Rayforstia insula
- Conservation status: Naturally Uncommon (NZ TCS)

Scientific classification
- Kingdom: Animalia
- Phylum: Arthropoda
- Subphylum: Chelicerata
- Class: Arachnida
- Order: Araneae
- Infraorder: Araneomorphae
- Family: Anapidae
- Genus: Rayforstia
- Species: R. insula
- Binomial name: Rayforstia insula (Forster, 1959)
- Synonyms: Textricella insula

= Rayforstia insula =

- Authority: (Forster, 1959)
- Conservation status: NU
- Synonyms: Textricella insula

Species of spider

Rayforstia insula is a species of Anapidae that is endemic to New Zealand.

==Taxonomy==
This species was described as Textricella insula in 1959 by Ray Forster from male specimens collected on Solander Island.
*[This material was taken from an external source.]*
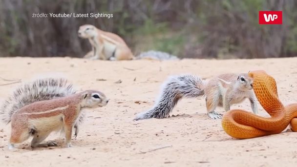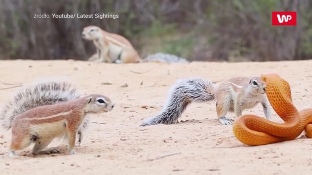 Zdumiewające wideo z Afryki. Wiewiórki i mangusty chcą przegonić kobrę, aby chronić swoje młode. Wszystko wydarzyło się na kempingu Nossob w parku Kgalagadi. - Jedliśmy lunch na kempingu po porannej przejażdżce. Byliśmy trochę rozczarowani, ponieważ nie było żadnych ekscytujących obserwacji zwierząt. Mój mąż był pierwszą osobą, która zobaczyła coś w pobliżu basenu. Kiedy podeszliśmy bliżej, zobaczyliśmy, że wiewiórki próbują trzymać kobrę z dala od nor, w których wychowują młode. Wiewiórki na zmianę atakowały kobrę z różnych stron. Nagle pojawiła się mangusta i przejęła kontrolę - powiedział świadek.

In 2010 it was transferred to Rayforstia. It is stored in Te Papa Museum.

==Description==
The male is recorded at 1.21mm in length. This species has a dark golden brown carapace, yellow brown legs and dark golden brown abdomen.

==Distribution==
This species is only known from Solander Island near Stewart Island, New Zealand.

==Conservation status==
Under the New Zealand Threat Classification System, this species is listed as "Naturally Uncommon" with the qualifiers of "Island Endemic" and "One Location".